> **Exercise brief**
Only the lines from the beginning of the entries through the one with "1916WEEGEE (1899%u20131968) Lucinda" should be written out, please, exactly and without any pictures.

### Data

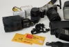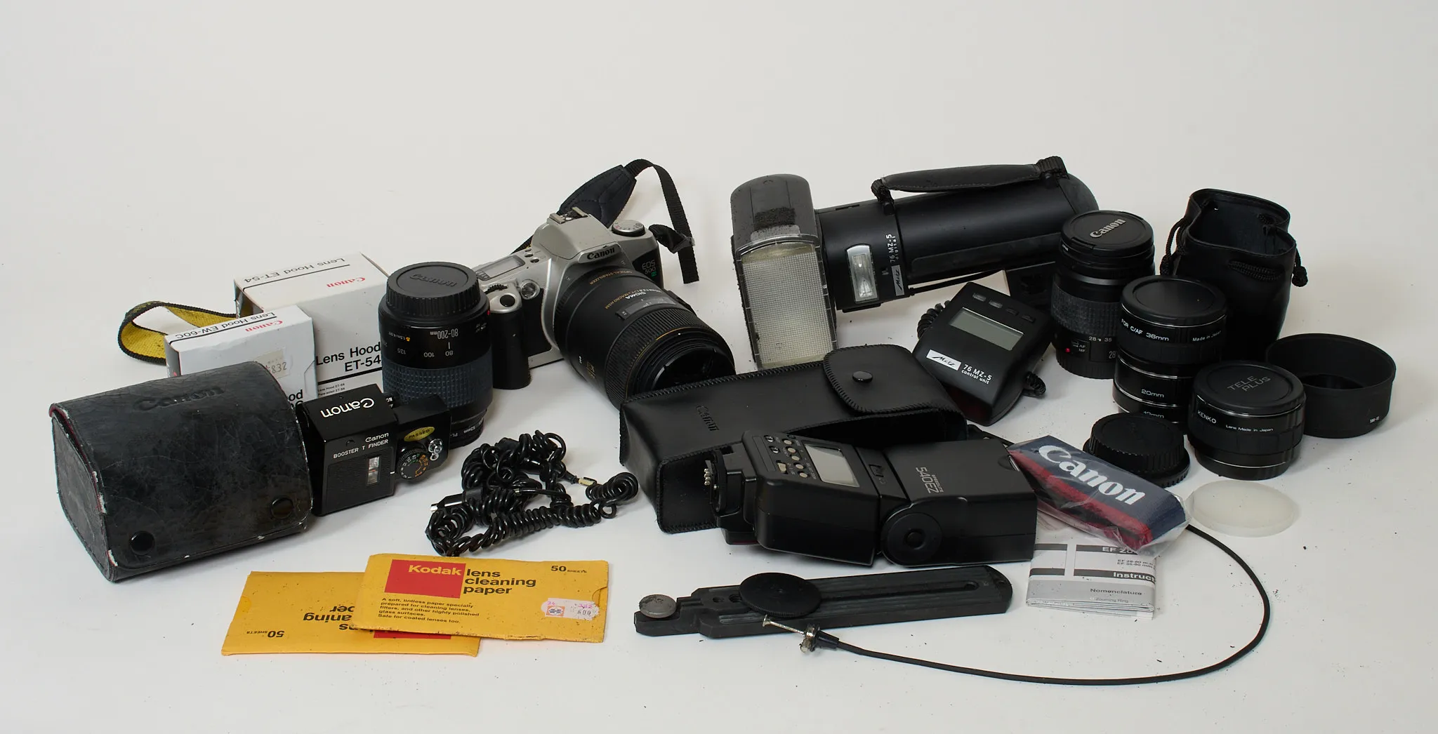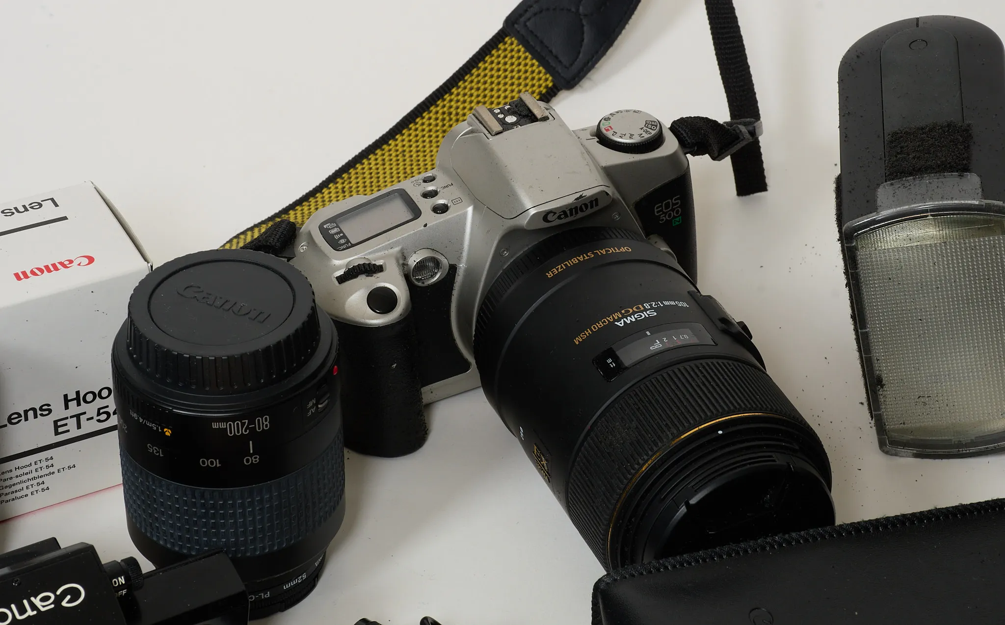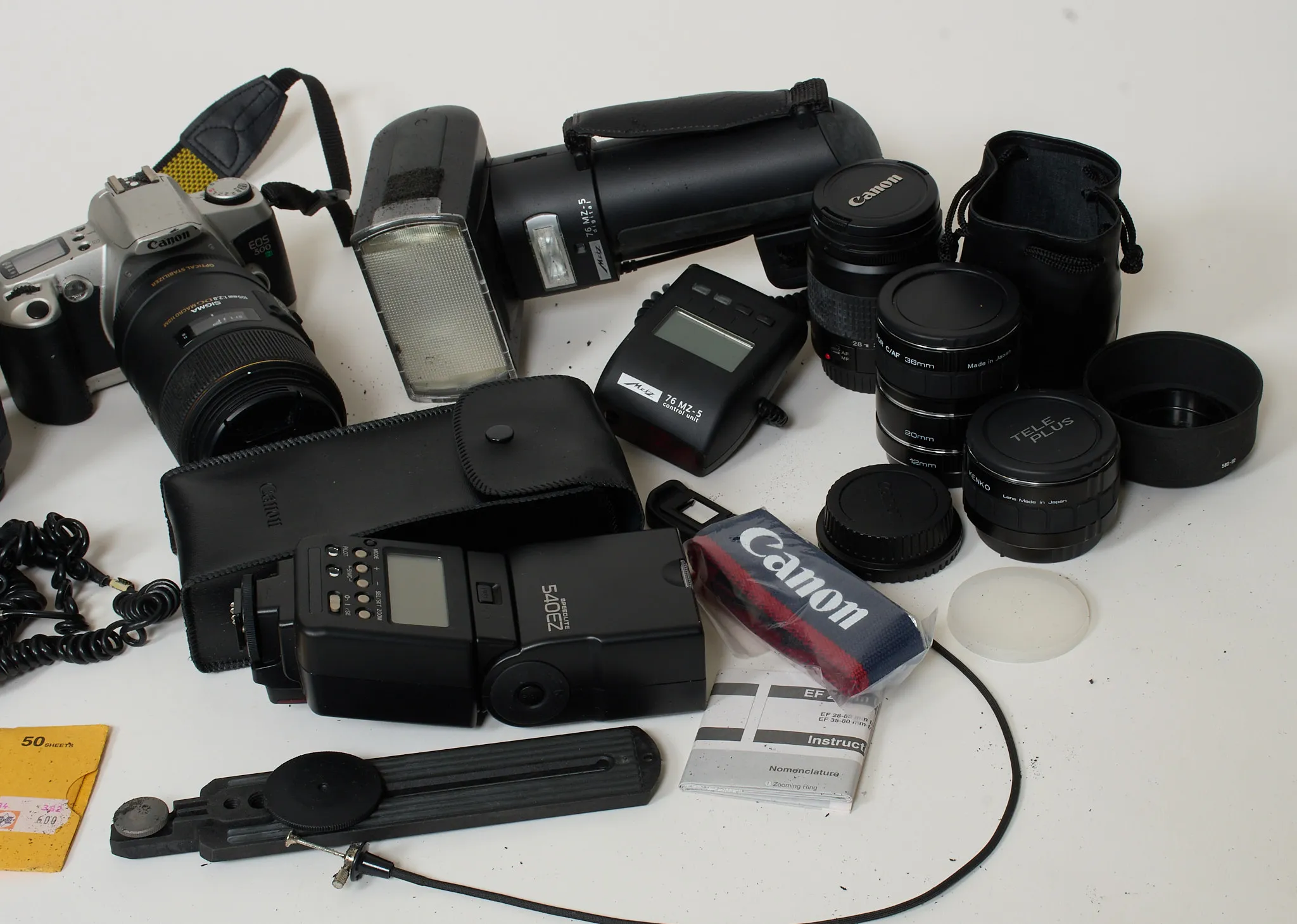 Canon EOS 500 n. Objektiv Canon zoom EF 28-80 mm, Objektiv Canon Zoom EF 80-200 mm, Sigma 105 mm DG Macro HSM, Kenko Teleplus MC7, Kenko Extension Tube, blixt Canon 540 EZ, blixt Metz 76 MZ-5, Canon Booster T Finder, lens hood mm. Ej funktionstestat.
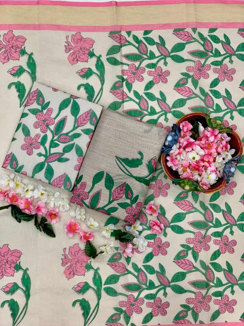 Saree Fabric: Premium Linen Cotton with beautiful digital print
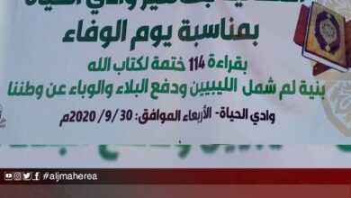 أحيت جماهير شعبية وادي الحياة جنوب البلاد ذكرى يوم الوفاء الثامن والعشرين بقراءة القرآن الكريم. وختم أهالي وادي الحياة 176…
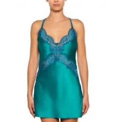 Das Negligé Adriana ist eine luxuriöse Seidenwäsche der französischen Edel-Dessous Marke Millesia. Das seidene Nachthemd ist auf beiden Seiten geschlitzt und vorne und hinten reichlich mit weicher Wäschespitze verziert. Die Träger sind in der Länge verstellbar und im Rücken zusammengefasst – so können die Träger nicht von der Schulter rutschen.
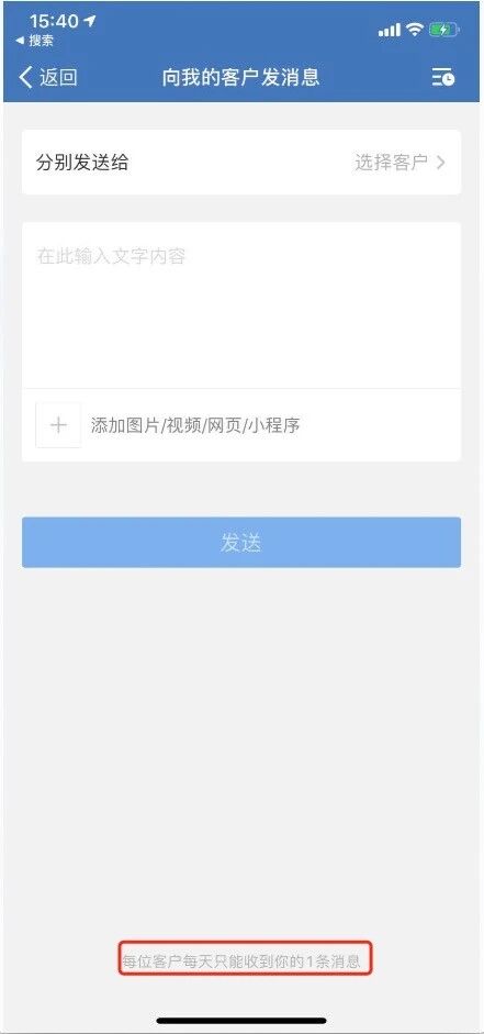 手机版的企业微信 工作台->客户联系->群发助手 内的发送消息,这里提示的是“每位客户每天只能收到你的1条消息”
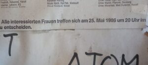 Zeitungsausschnitt mit Aufruf zu einem Treffen der Frauen am 25. Mai 1986
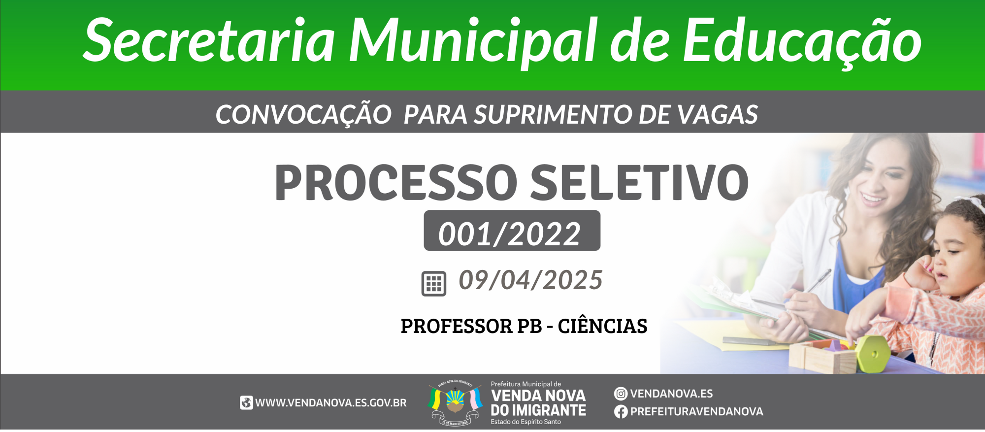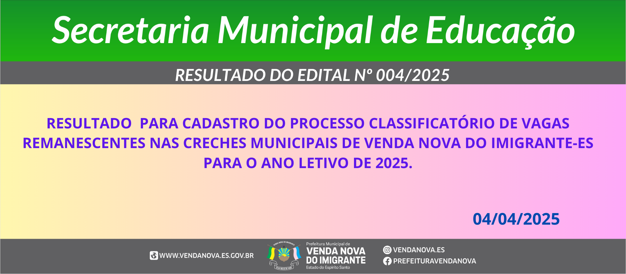 A Secretaria Municipal de Educação comunica o resultado final do Edital Nº. 004/2025 para o cadastramento de vagas para o ano letivo de 2025.
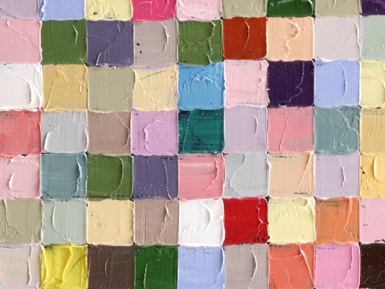 Brightly coloured process painting made up of 1cm squares of oil paint applied adjacent to each other in a strict grid pattern. Made up of hundreds of tiny carefully applied squares of contrasting colour blocking this vibrant piece features highly detailed transitions from blue to red to green and ...
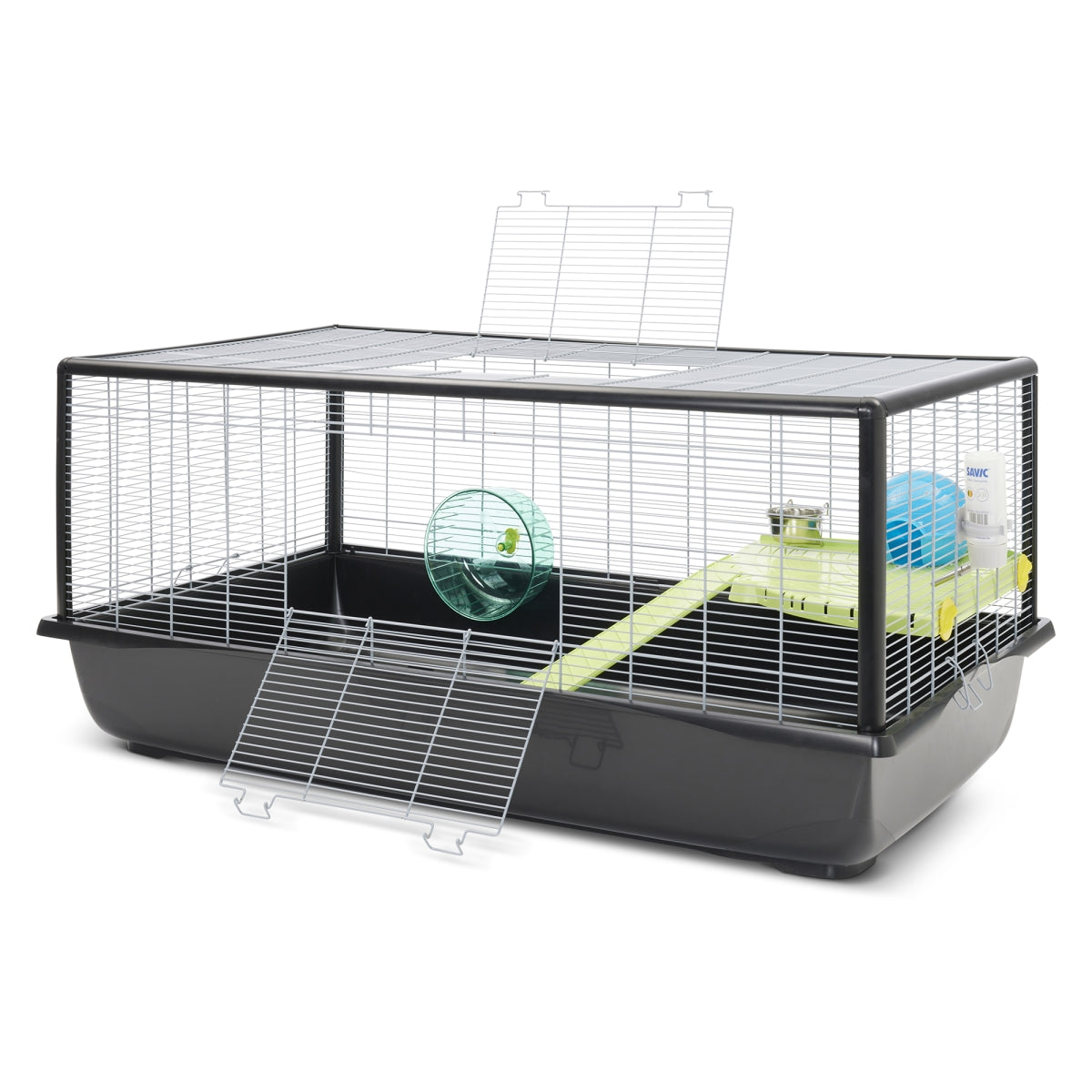 This cage features a large front door that simplifies daily cleaning and interaction with your pet. Assembly is straightforward, requiring no tools, and the cage’s collapsible design allows for easy storage when not in use. A running wheel and drinking bottle are also included, ensuring your pet remains active and hydrated. Moreover, the cage base is crafted from recycled plastic, reflecting our commitment to environmental sustainability.
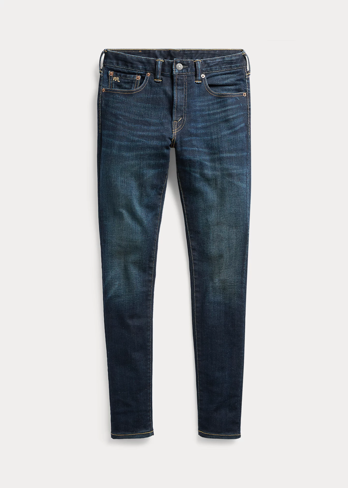 - American-made button, rivets, and washer burrs. Five-pocket styling. “RRL” embroidery at the coin pocket.
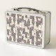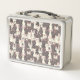 Nahtloses Muster mit weißem, grauem, gestreiftem Tablett und gepunkteten Katzen
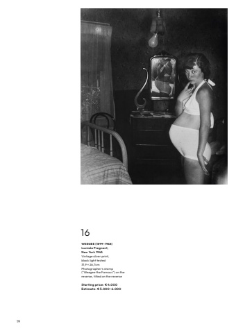 1916WEEGEE (1899%u20131968) Lucinda Pregnant, New York 1945Vintage silver print, black light tested31,9 %u00d7 26,7cmPhotographer%u2019s stamp (%u201cWeegee the Famous%u201d) on the reverse, titled on the reverseStarting price: %u20ac 4.000Estimate: %u20ac 5.000%u20136.000
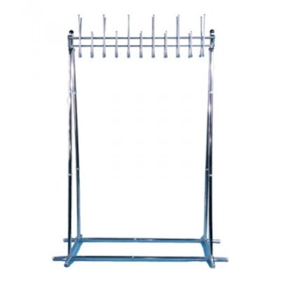 Групповая вешалка на 22 крючка. Вешалка выполнена из оцинкованной стали с полимерным покрытием. Крючки вешалки выполнены из трубы диаметром 10 мм. Вешалка поставляется в разобранном виде, в картонной таре. Эта модель вешалки может использоваться как фрагмент для обустройства гардеробных комнат.
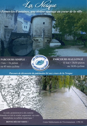 Cette année 2014, c’est sur le territoire de la Nesque et en particulier de Pernes-les-Fontaines que le CME et ses partenaires (la région Provence-Alpes-Côte d’Azur, le Département du Vaucluse, la mairie de Pernes) a choisi de se pencher pour la réalisation de ce nouveau topoguide de 23 pages; il vous propose une mine de renseignements qui vous méneront avec un parcours pédestre, un circuit cycliste à la découverte ou redécouverte du patrimoine de l'eau; les flashcodes vous donneront des informations complémentaires sous forme de vidéo, de son ou d’images.
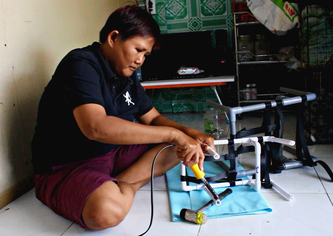 Để con mèo tự di chuyển, chị tìm mua xe lăn nhưng ở Việt Nam không bán. Thế là chị tự mày mò, thiết kế xe lăn cho thú cưng của mình bằng ống nước.
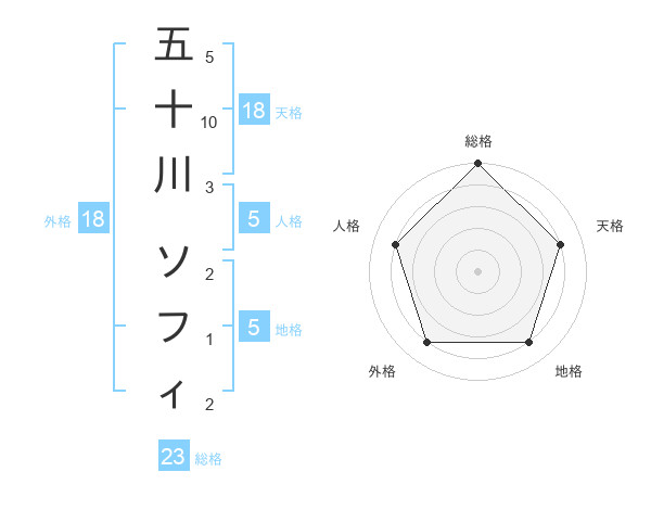 五十川 ソフィさんを姓名の画数から五運を鑑定
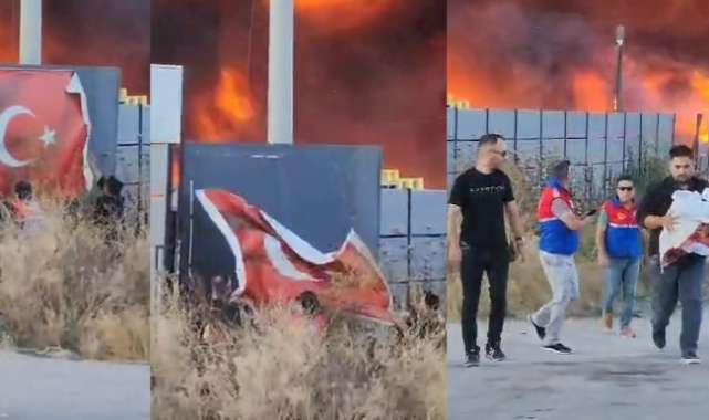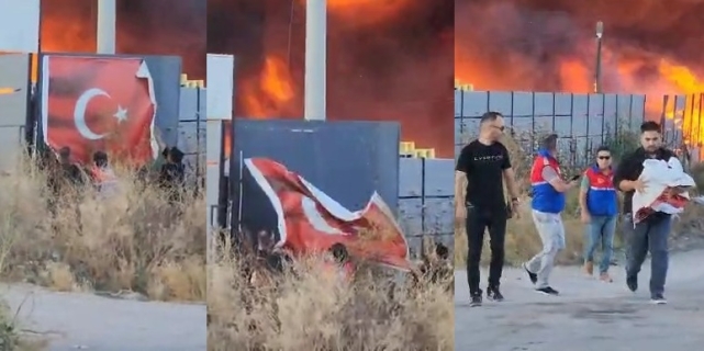Yangının çıkış nedeni henüz bilinmezken, ekiplerin yangını kontrol altına alma çalışmaları yoğun şekilde devam ediyor.Alevler içerisinden Türk bayrağını kurtardılar
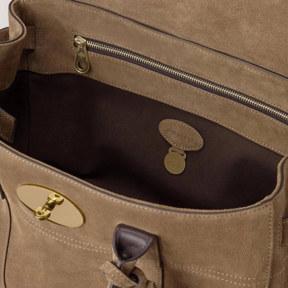 Väskan är gjord av Salcombe Sand mocka vilket ger en mjuk och elegant look. Den exklusiva mockan är behandlad för ökad hållbarhet och funktionalitet, så väskan är lättare att underhålla i vardagen. De mässingsfärgade detaljerna och det klassiska övre handtaget kompletterar den ikoniska designen Mulberry- titta.
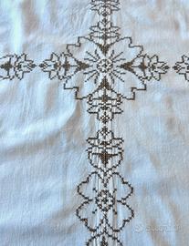 Tovaglia bianca da 8 posti ricamata a punto croce con filo
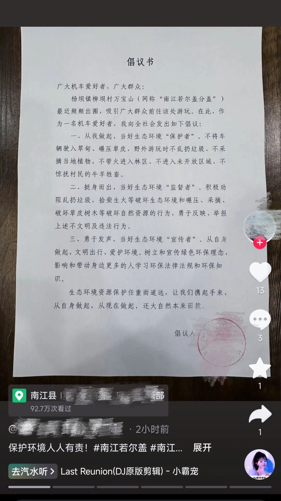 “你刷到了吗?之前碾压草皮的‘摩托哥’发了一份保护生态环境的倡议书。”今年4月,某机车爱好者在某短视频平台发出保护生态环境的倡议,这一转变引得群众的热烈讨论。
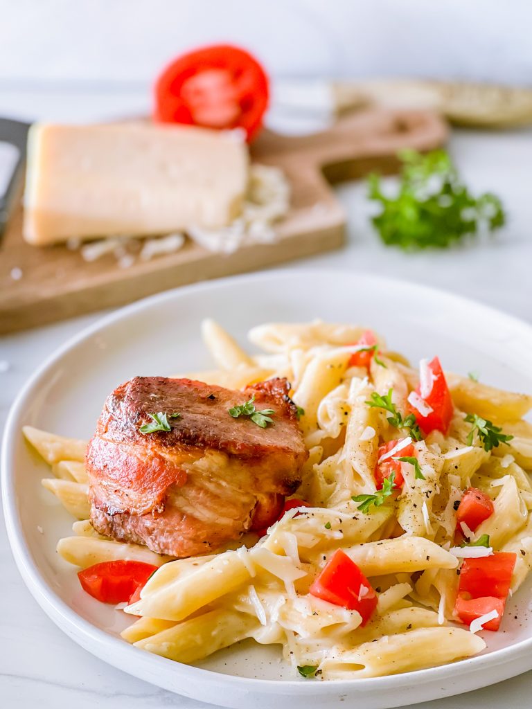 Bacon Wrapped Pork w/ Cajun Pasta
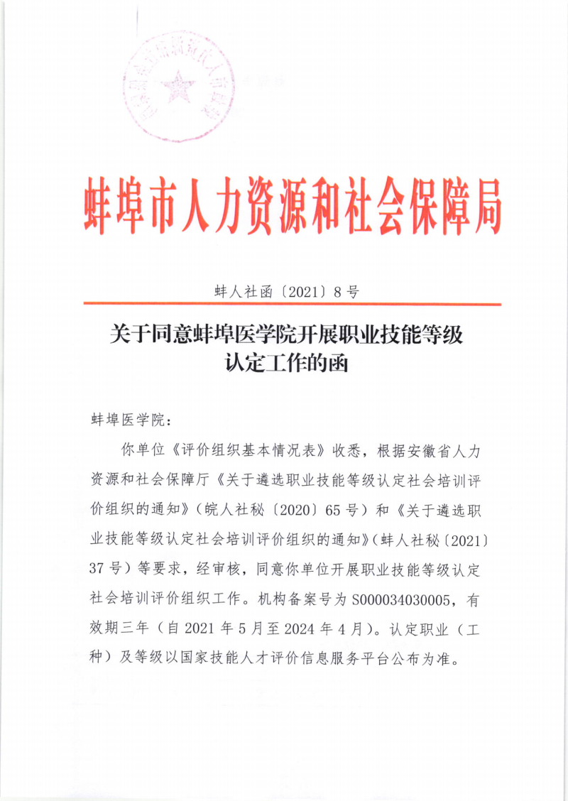 关于同意蚌埠医学院开展职业技能等级认定工作的函

######

> **Answer box**
 Canon EOS 500 n. Objektiv Canon zoom EF 28-80 mm, Objektiv Canon Zoom EF 80-200 mm, Sigma 105 mm DG Macro HSM, Kenko Teleplus MC7, Kenko Extension Tube, blixt Canon 540 EZ, blixt Metz 76 MZ-5, Canon Booster T Finder, lens hood mm. Ej funktionstestat.
 Saree Fabric: Premium Linen Cotton with beautiful digital print
 أحيت جماهير شعبية وادي الحياة جنوب البلاد ذكرى يوم الوفاء الثامن والعشرين بقراءة القرآن الكريم. وختم أهالي وادي الحياة 176…
 Das Negligé Adriana ist eine luxuriöse Seidenwäsche der französischen Edel-Dessous Marke Millesia. Das seidene Nachthemd ist auf beiden Seiten geschlitzt und vorne und hinten reichlich mit weicher Wäschespitze verziert. Die Träger sind in der Länge verstellbar und im Rücken zusammengefasst – so können die Träger nicht von der Schulter rutschen.
 手机版的企业微信 工作台->客户联系->群发助手 内的发送消息,这里提示的是“每位客户每天只能收到你的1条消息”
 Zeitungsausschnitt mit Aufruf zu einem Treffen der Frauen am 25. Mai 1986
 A Secretaria Municipal de Educação comunica o resultado final do Edital Nº. 004/2025 para o cadastramento de vagas para o ano letivo de 2025.
 Brightly coloured process painting made up of 1cm squares of oil paint applied adjacent to each other in a strict grid pattern. Made up of hundreds of tiny carefully applied squares of contrasting colour blocking this vibrant piece features highly detailed transitions from blue to red to green and ...
 This cage features a large front door that simplifies daily cleaning and interaction with your pet. Assembly is straightforward, requiring no tools, and the cage’s collapsible design allows for easy storage when not in use. A running wheel and drinking bottle are also included, ensuring your pet remains active and hydrated. Moreover, the cage base is crafted from recycled plastic, reflecting our commitment to environmental sustainability.
 - American-made button, rivets, and washer burrs. Five-pocket styling. “RRL” embroidery at the coin pocket.
 Nahtloses Muster mit weißem, grauem, gestreiftem Tablett und gepunkteten Katzen
 1916WEEGEE (1899%u20131968) Lucinda Pregnant, New York 1945Vintage silver print, black light tested31,9 %u00d7 26,7cmPhotographer%u2019s stamp (%u201cWeegee the Famous%u201d) on the reverse, titled on the reverseStarting price: %u20ac 4.000Estimate: %u20ac 5.000%u20136.000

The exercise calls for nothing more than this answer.